Barely on the job two weeks as the new Boise State president, Marlene Tromp must have been at least a bit surprised when a letter landed on her desk from half the Republicans in the Idaho House telling her, in effect, to “go easy” on pushing campus diversity and inclusion.
The new president, up from California, then must have done a second double take when a second letter arrived from legislative Democrats telling her just the opposite.
As the students would say, wazz-up with that? Where have I landed? Simple, madam president, you’re not in California any more, but rock-ribbed, spud-landia.
It’s Trump Country out there once you get outta Boise city, up past Micron Hill and out into the high desert, or north past the foothills to Horseshoe Bend and beyond.
The first letter, brought by Rep. Barbara Ehardt, R-Idaho Falls, had 27 other House member signees. It probably would have had more than that if it hadn’t been parroting the Idaho Freedom Foundation, whose director, Wayne Hoffman, recently opined on the perils of BSU’s campus diversity. (Hoffman recently also suggested Idaho government get out of the education business entirely.)

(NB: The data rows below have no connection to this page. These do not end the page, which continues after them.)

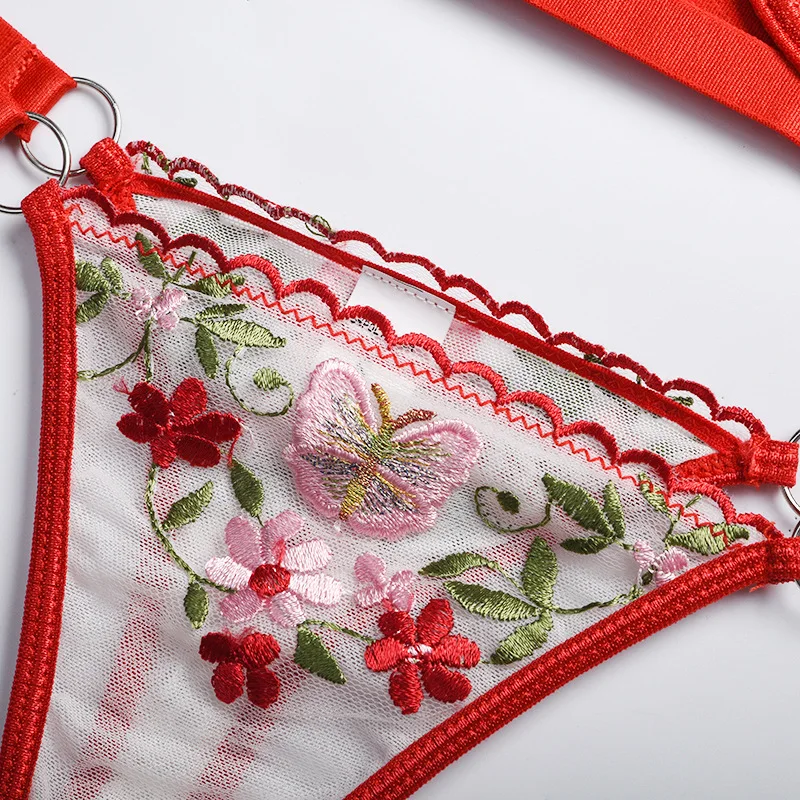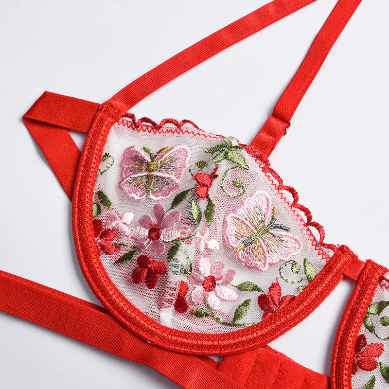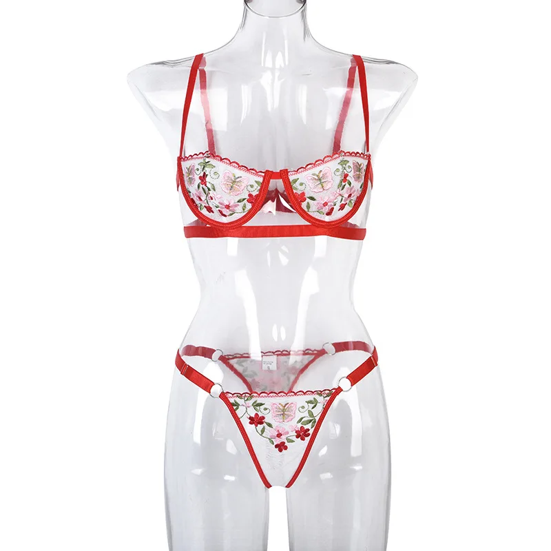 2 Pieces Brief Sets Lace Lingerie Women Butterfly Floral Embroidery Underwear See Through Red Bra and Panty Erotic Lingerie Set
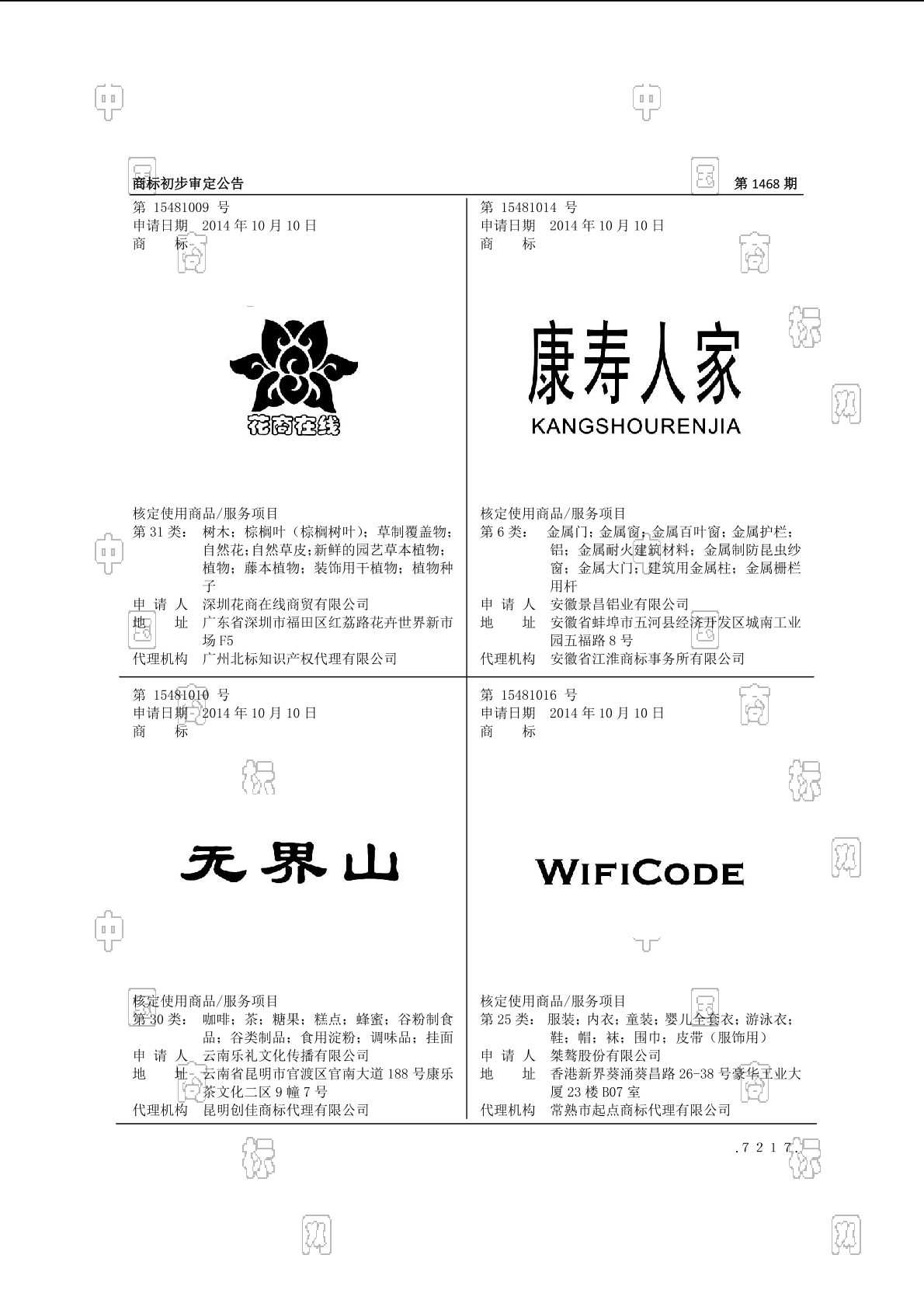 2014-11-20 商标注册申请 | 等待受理通知书发文
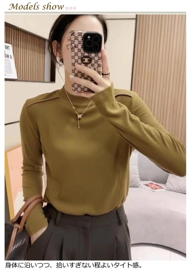 無地 tシャツ インナー ロンt カットソー 長袖 送料無料 秋 冬 トップス 長袖カットソー クールネック 大きいサイズ タイト ストレッチ カジュアル リブ Tシャツ レディース シンプル オフィス きれいめ プルオーバー
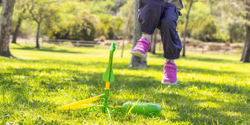 Stomp Rocket is the company responsible for kid-powered toys that encourage physical activity and S.T.E.M. learning at the same time. The simple design ensures an easy setup with a no-mess operation and zero electrical or fire hazards due to fuel. Your child connects the launch pad to the launch base, loads the rocket, and starts stomping prehistoric creatures into the troposphere, the lowest layer of Earth’s atmosphere. If you didn’t know that, congratulations, the learning has already begun!

Tromp issued a mild-mannered, inclusive response to the GOP letter, making soothing noises about improving dialogue, yada, yada with the group. Nicely done, probably with some suggested phrasing from cool BSU veterans who’ve been traipsing over to the Capitol for annual appropriations for years.
Ah, yes, the Capitol. Idaho Republicans outnumber Democrats four to one in the Legislature, and it can’t have escaped her notice that two of the signees are in House leadership.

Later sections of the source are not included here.